So, which part of the cause are you questioning?



> Canada’s Priorities
> 
> Canada is focussed on a targeted set of objectives in keeping with proven Canadian strengths and consistent with Afghan objectives and the efforts of the international community.
> 
> ...





> Signature projects:
> 
> * Dahla Dam
> * Education
> * Polio eradication



http://www.afghanistan.gc.ca/canada-afghanistan/priorities-priorites/index.aspx?lang=eng


----------



## Canuck1963 (15 Apr 2010)

Michael O'Leary said:
			
		

> So, which part of the cause are you questioning?
> 
> http://www.afghanistan.gc.ca/canada-afghanistan/priorities-priorites/index.aspx?lang=eng



Okay.

Fair enough.

Here's what I have a problem with, per se:

While the information you posted above looks fine-and-dandy in writing and sounds very wonderful.......it's a government-packaged sales pitch.
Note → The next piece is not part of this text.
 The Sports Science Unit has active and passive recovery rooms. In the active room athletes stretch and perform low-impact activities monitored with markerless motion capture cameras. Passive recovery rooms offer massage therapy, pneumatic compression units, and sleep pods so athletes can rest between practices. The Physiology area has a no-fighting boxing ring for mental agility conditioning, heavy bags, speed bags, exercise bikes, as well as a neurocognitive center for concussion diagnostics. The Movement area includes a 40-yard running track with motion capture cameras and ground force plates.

Nothing more. Look......the whole reason why Canada went into that country in the FIRST place, was to take down the Taliban-led government because they were harboring a terrorist network that had to be smashed, i.e., Al-Queada. We did NOT go there to engage in 'Nation-Building".  This entire objective has now morphed into (and suffered from) something called "mission creep": what started out as a very straightforward project.....has now changed radically into something else; something which WE should have *NO* part of, *especially after eight years*. Every available scrap of information/stastic shows that a majority of this "Afghan Army/Police Force" are either A) Drug addicts; B) Drug dealers; C) Just plain incompetent. The Karzai government is NO better. At all. There is not a single piece of information to suggest (that can be verified by the international community, let alone the ISAF) that this character has anything even APPROACHING a 'legitimate, fair, competent and DEMOCRATIC body of governance'. 

If I'm going to see Canadian troopers die....then I can think of LOTS of other worthwhile opportunities to send them into harms way, for other causes in other places.  
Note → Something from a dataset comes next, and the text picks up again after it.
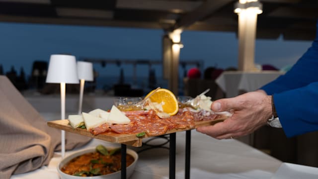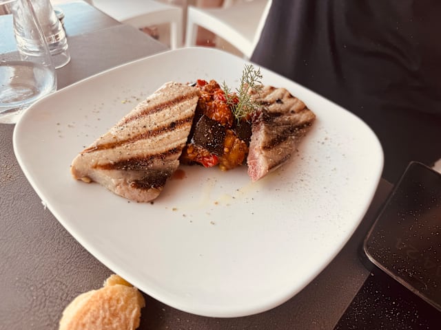 - Tonno, ricciola, salicornia, gambero rosso, scampi, ostriche, olio evo

Dying for the likes of Karzai, Kabul, Kandahar or Afganistan in general is *NOT* one of them (at least not for the way/manner in which this "mission" *currently* exists). As it stands, Canada has taken on THREE TIMES as many casualties as ANY other nation presently involved there, in ratio to our numbers deployed. *THREE TIMES AS MANY*. This, to me, is totally effing unacceptable. 
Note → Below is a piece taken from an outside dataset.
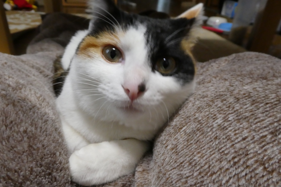 疲れて机の上のPCを開くと、「にゃぁ」と言って直ぐに腿の上に乗ってくる
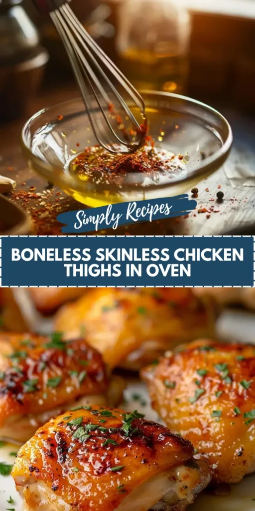 Cooking Boneless Skinless Chicken Thighs in Oven has truly been a delightful experience for me. The joy of serving a dish that’s not only simple but also bursting with flavor is unmatched. It’s a recipe that brings my family together, creating moments filled with laughter and satisfaction. Plus, knowing I can whip it up on a busy weeknight makes me feel like a culinary superhero! I hope you find as much joy in this recipe as I do, making it a staple in your kitchen for years to come.

See, some posters here will call what I write "rants"; that's cool. They will "rant" for Canadians to keep dying for Hamid Karzai and his thugs; I shall "rant" against having them die for Hamid Karzai and his thugs. 

So it's all good.


----------



## Michael OLeary (15 Apr 2010)

Canuck1963 said:
			
		

> While the information you posted above looks fine-and-dandy in writing and sounds very wonderful.......it's a government-packaged sales pitch. Nothing more. Look......the whole reason why Canada went into that country in the FIRST place, was to take down the Taliban-led government because they were harboring a terrorist network that had to be smashed, i.e., Al-Queada. We did NOT go there to engage in 'Nation-Building".  This entire objective has now morphed into (and suffered from) something called "mission creep": what started out as a very straightforward project.....has now changed radically into something else; something which WE should have *NO* part of, *especially after eight years*. Every available scrap of information/stastic shows that a majority of this "Afghan Army/Police Force" are either A) Drug addicts; B) Drug dealers; C) Just plain incompetent. The Karzai government is NO better. At all. There is not a single piece of information to suggest (that can be verified by the international community, let alone the ISAF) that this character has anything even APPROACHING a 'legitimate, fair, competent and DEMOCRATIC body of governance'.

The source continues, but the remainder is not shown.